* _EXERCISE GOAL_: Reproduce the section of the listing that begins at the line containing "为了进一步加强校园法治教育,营造一个安全" and finishes at the line containing "V.l. Dr. E.". Include both end lines and nothing beyond them.

* _EXERCISE MATERIAL_:

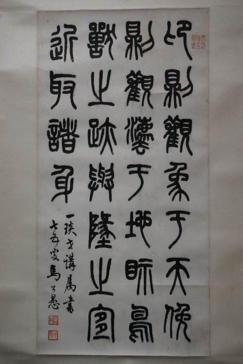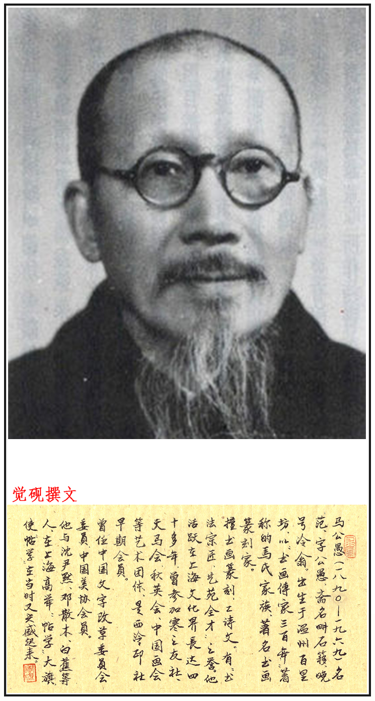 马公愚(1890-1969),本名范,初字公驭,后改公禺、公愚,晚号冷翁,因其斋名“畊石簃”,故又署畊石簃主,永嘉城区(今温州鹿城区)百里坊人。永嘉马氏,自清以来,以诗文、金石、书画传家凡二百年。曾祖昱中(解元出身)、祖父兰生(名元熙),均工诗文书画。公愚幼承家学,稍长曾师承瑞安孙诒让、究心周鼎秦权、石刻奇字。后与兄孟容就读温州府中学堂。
==
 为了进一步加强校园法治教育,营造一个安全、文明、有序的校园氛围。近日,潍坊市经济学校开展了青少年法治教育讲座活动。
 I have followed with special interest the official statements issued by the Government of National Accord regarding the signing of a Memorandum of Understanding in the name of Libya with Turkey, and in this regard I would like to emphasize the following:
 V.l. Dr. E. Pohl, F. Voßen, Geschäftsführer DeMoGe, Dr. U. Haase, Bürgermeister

* _WORKED SOLUTION_:
 为了进一步加强校园法治教育,营造一个安全、文明、有序的校园氛围。近日,潍坊市经济学校开展了青少年法治教育讲座活动。
 I have followed with special interest the official statements issued by the Government of National Accord regarding the signing of a Memorandum of Understanding in the name of Libya with Turkey, and in this regard I would like to emphasize the following:
 V.l. Dr. E. Pohl, F. Voßen, Geschäftsführer DeMoGe, Dr. U. Haase, Bürgermeister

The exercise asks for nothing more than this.